As it stands, Hosmer is on pace for 32 home runs.

He is hitting .327 with a .388 on-base and .553 slugging percentage. He ranks in the American League’s top 10 in each of those stats, plus runs, hits, total bases, doubles, runs created, and more.

His numbers are only a modest increase over where he was a year ago, but there are reasons he will follow a very good 2015 with a great 2016.

The first is the simplest: age. Hosmer is 26, the beginning of that sweet overlap of experience and youth, that career window when ballplayers tend to be the best they’ll ever be. Typically, hitters’ power peaks around 28 or 29, so Hosmer’s best years are likely in front of him. This is also his sixth big-league season, which means enough experience that he could reach his peak earlier — and maintain it longer — than most.

The second is perhaps the most intriguing: home runs are being hit at a historic pace. A year ago the league’s home-run total jumped by more than 17 percent, the biggest one-year increase since 1996, and a jump that historically has been explained only by new types of baseballs or rampant PED use.

This year the home-run rate has actually increased again, in terms of both percentage of plate appearances (2.8) and percentage of fly balls (12.2). It’s a curious trend, one that has inspired theories from juiced balls to new bats. Nobody knows exactly what’s going on, but they all recognize that it is going on.

In many recent years Royals home-run hitters have been swinging against not just the spacious dimensions of their home stadium but league-wide trends that suppressed the long ball. Now Hosmer can ride the draft of an increasingly home-run-friendly league.

The third reason is the most Hosmer-centric. Whenever the subject of the Royals and homers comes up, it doesn’t take long before someone says something like, Yeah, but it’s just so hard to hit homers at The K.

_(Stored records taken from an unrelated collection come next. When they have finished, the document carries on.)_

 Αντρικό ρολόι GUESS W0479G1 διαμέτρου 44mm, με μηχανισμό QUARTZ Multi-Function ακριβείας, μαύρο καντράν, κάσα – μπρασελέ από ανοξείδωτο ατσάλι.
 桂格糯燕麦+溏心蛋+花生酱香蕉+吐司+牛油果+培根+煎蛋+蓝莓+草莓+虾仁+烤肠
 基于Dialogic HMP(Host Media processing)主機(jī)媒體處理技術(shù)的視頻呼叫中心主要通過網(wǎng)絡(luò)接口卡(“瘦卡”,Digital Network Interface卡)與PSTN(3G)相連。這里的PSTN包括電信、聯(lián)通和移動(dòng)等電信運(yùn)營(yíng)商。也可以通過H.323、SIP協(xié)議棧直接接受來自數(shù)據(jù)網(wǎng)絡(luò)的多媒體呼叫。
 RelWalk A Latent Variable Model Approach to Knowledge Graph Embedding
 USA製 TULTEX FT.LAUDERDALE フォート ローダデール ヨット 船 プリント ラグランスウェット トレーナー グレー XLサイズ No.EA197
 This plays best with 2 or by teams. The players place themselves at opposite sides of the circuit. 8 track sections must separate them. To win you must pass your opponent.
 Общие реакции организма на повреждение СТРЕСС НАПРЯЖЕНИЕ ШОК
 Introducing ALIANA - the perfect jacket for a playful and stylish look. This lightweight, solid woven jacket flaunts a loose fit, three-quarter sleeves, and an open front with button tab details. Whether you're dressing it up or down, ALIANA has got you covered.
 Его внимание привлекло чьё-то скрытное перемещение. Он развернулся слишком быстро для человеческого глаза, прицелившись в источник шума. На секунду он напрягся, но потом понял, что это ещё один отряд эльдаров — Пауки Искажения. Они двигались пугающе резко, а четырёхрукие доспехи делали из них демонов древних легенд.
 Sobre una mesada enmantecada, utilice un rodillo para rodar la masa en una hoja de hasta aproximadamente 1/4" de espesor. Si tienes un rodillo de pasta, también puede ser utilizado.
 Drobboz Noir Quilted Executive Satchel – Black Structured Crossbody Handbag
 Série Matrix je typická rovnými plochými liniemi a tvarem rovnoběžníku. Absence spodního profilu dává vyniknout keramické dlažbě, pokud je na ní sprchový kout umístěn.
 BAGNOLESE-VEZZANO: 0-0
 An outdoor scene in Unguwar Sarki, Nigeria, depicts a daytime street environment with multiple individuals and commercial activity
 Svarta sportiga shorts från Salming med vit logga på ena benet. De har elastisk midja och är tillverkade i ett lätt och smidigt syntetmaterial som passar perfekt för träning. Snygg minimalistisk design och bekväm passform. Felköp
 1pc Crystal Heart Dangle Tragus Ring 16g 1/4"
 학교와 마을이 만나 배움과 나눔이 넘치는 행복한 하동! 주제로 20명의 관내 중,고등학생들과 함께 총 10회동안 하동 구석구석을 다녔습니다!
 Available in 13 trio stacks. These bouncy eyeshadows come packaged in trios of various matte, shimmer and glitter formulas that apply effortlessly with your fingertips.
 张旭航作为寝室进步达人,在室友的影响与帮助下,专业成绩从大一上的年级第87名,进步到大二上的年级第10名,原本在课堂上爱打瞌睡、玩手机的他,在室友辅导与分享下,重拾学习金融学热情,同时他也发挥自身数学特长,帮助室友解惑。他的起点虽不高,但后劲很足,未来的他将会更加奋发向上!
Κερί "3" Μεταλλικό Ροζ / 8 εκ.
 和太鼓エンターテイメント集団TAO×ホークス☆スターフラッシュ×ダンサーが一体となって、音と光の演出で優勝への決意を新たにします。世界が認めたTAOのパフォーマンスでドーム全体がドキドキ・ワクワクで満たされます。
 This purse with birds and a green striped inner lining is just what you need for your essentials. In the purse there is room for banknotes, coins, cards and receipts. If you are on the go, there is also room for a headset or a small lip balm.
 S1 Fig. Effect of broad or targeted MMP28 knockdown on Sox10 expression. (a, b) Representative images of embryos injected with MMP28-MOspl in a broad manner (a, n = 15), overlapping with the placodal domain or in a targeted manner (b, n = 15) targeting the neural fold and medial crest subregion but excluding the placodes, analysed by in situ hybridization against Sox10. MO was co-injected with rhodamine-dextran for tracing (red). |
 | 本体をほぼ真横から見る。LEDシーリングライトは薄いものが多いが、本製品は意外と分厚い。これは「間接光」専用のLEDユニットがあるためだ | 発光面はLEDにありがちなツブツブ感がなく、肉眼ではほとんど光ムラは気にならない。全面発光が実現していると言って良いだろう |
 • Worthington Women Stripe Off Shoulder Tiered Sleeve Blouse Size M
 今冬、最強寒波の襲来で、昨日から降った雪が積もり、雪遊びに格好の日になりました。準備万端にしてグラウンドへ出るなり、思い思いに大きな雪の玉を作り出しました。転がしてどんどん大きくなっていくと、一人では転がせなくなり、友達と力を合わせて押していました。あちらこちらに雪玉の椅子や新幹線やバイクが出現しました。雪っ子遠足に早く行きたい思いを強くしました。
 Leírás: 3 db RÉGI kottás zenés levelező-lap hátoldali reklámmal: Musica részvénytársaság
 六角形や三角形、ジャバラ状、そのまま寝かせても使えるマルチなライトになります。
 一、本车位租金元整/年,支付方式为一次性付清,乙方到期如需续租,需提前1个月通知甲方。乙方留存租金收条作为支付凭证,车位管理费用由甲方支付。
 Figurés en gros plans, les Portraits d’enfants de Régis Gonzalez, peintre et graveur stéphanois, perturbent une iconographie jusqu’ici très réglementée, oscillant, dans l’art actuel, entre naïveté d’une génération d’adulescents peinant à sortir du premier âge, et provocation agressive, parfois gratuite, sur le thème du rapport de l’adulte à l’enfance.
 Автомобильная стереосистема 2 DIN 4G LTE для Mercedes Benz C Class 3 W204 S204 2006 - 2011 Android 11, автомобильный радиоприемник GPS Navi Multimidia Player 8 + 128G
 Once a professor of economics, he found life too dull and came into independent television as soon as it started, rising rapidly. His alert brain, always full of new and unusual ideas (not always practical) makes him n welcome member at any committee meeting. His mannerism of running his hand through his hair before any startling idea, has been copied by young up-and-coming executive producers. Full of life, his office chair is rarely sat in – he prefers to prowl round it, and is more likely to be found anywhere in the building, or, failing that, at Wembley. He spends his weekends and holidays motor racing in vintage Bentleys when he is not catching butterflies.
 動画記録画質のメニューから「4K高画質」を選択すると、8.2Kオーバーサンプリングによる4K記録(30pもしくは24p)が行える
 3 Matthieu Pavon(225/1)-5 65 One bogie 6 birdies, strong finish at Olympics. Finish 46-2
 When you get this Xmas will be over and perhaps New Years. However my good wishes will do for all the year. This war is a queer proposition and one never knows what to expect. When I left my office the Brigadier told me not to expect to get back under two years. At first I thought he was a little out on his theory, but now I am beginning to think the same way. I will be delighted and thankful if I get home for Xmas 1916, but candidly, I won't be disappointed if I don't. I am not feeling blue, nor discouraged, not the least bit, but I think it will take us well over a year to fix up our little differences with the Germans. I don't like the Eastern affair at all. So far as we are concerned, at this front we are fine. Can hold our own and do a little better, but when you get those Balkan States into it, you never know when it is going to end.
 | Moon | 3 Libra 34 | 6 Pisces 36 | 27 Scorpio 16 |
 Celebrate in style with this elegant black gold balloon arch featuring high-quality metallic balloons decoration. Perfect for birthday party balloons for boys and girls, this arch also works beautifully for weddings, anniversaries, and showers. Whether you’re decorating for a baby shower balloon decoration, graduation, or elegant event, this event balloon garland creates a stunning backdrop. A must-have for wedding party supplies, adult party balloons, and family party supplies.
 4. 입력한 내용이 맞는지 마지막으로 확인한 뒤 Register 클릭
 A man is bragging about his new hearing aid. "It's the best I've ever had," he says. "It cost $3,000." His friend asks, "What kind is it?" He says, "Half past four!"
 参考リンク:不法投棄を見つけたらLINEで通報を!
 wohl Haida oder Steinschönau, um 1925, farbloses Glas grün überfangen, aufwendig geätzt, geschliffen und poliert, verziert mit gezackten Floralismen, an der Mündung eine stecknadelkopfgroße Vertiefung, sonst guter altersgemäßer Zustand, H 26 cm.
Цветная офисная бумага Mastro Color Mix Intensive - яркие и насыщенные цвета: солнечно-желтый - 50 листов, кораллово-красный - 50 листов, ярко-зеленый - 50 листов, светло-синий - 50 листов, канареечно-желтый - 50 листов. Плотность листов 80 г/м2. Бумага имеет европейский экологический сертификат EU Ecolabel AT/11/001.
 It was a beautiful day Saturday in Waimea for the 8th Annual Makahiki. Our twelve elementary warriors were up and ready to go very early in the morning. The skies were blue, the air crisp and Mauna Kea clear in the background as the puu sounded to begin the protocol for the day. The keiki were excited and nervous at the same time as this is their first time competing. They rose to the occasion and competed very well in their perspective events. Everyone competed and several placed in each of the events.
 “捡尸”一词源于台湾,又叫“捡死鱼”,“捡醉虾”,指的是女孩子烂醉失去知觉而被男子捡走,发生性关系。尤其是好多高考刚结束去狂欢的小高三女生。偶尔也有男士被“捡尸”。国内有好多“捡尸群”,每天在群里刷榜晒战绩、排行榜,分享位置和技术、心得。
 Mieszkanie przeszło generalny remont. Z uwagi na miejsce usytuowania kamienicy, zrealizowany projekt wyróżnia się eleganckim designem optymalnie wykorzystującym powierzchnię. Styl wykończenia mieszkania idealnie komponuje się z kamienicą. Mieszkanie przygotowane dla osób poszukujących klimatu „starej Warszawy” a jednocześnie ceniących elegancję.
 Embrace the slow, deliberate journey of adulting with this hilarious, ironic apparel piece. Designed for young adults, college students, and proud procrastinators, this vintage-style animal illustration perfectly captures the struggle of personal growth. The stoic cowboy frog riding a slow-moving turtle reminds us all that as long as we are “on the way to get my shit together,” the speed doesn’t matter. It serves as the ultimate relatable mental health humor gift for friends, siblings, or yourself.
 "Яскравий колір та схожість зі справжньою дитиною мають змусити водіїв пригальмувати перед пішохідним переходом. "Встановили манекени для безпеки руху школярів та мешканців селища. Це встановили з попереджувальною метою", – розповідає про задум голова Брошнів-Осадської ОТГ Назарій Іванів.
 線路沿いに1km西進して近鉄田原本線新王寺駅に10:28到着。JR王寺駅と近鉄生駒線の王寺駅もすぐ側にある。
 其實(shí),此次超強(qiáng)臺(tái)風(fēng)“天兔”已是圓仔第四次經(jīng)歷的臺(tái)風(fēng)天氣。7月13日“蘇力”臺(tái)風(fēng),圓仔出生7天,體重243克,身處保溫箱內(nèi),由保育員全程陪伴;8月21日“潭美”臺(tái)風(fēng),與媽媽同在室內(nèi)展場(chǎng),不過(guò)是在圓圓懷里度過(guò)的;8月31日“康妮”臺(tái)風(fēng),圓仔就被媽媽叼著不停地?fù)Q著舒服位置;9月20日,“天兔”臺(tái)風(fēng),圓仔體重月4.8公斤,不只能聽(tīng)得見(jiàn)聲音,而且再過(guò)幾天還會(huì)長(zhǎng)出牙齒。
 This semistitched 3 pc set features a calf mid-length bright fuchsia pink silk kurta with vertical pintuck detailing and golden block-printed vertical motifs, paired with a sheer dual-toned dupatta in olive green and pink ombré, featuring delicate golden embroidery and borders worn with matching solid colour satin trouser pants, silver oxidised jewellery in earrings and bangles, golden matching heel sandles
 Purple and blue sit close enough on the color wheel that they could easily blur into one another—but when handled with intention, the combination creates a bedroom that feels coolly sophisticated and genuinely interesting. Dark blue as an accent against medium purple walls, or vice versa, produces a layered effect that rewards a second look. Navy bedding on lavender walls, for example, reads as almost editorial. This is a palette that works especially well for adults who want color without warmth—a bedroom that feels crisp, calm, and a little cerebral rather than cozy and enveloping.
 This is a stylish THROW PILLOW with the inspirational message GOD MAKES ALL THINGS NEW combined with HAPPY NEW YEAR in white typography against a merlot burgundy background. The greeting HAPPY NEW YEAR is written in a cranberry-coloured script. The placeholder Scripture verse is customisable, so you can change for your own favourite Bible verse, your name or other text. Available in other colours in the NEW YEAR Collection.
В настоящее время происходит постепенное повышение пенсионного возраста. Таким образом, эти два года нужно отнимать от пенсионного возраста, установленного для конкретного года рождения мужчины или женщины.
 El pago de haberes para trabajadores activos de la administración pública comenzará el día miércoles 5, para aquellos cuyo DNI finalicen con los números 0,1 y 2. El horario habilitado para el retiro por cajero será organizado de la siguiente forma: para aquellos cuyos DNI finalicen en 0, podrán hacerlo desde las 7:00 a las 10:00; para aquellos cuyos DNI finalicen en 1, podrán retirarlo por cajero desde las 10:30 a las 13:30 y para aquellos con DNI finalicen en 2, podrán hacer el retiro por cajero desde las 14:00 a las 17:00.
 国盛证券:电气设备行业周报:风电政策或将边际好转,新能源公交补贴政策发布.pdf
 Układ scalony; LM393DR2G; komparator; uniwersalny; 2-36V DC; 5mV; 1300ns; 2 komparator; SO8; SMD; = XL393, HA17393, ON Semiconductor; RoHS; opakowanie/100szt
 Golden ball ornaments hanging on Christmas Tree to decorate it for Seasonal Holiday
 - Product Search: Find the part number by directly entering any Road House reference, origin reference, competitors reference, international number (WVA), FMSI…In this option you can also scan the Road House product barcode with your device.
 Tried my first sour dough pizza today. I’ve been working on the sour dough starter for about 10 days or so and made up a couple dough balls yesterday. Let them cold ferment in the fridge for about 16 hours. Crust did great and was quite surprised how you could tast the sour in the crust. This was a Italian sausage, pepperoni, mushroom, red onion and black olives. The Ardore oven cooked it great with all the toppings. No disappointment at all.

Once, a hitting coach was fired largely because he wasn’t emphasizing home runs enough. When his replacement — after not even two months, by the way — essentially threw up his hands and said, “There is no reward here to try and hit home runs,” well, then he was fired, too.

But the math is a little different with Hosmer. He is not nearly as affected by Kauffman Stadium’s big outfield. Since the start of last season, Hosmer has hit exactly half of his home runs at home, even with fewer plate appearances. His teammates have hit 82 on the road and 68 at home.

When Hosmer homers, the stadium’s dimensions tend to be irrelevant. He does not traffic in cheap home runs.

He built his swing in batting cages not far from the beaches of South Florida, his spare time filled with the steady crack-crack-crack while his friends played in the waves and sand. From the very beginning, his was a swing that often straddled the line between precision and violence.

As he has grown more comfortable in the big leagues, he has refined the violence and increased the precision. He stands 6-feet-4 with enough strength in his legs and upper body to generate plenty of power with a smoother swing.

Scouts are noticing that he is laying off some pitches out of the strike zone that he used to chase — an observation backed by PITCHf/x data — meaning he sees more pitches he can drive.

Using the awesome Home Run Tracker, Hosmer is averaging 423.6 feet per home run, second only to Miami’s Christian Yelich (432.2). According to the site, all but one of Hosmer’s home runs — a fly ball on a windy day in Seattle that stretched over the right-field fence — would have been home runs in at least 24 stadiums in neutral weather.

Six of the eight — including a pulverization of Steven Wright’s knuckleball over the batters’ eye at The K on Wednesday — would have been homers in 28 or more.

Put one more way: Hosmer is the only man in baseball with four homers measured by the site at 440 feet or longer. The Twins’ Byung Ho Park has three. Nobody else has more than two — not Giancarlo Stanton, not Miguel Cabrera, not Jose Bautista.

Outfield dimensions just don’t mean that much for Hosmer’s homers. What matters is how hard he hits the ball, and by scouts’ judgments and various metrics, he is hitting the ball harder than ever.

It won’t be enough to break Balboni’s record. We don’t think, anyway. Probably not.

But for reasons both in and out of his control, Hosmer may be in the beginning stages of the mark’s most credible threat in years.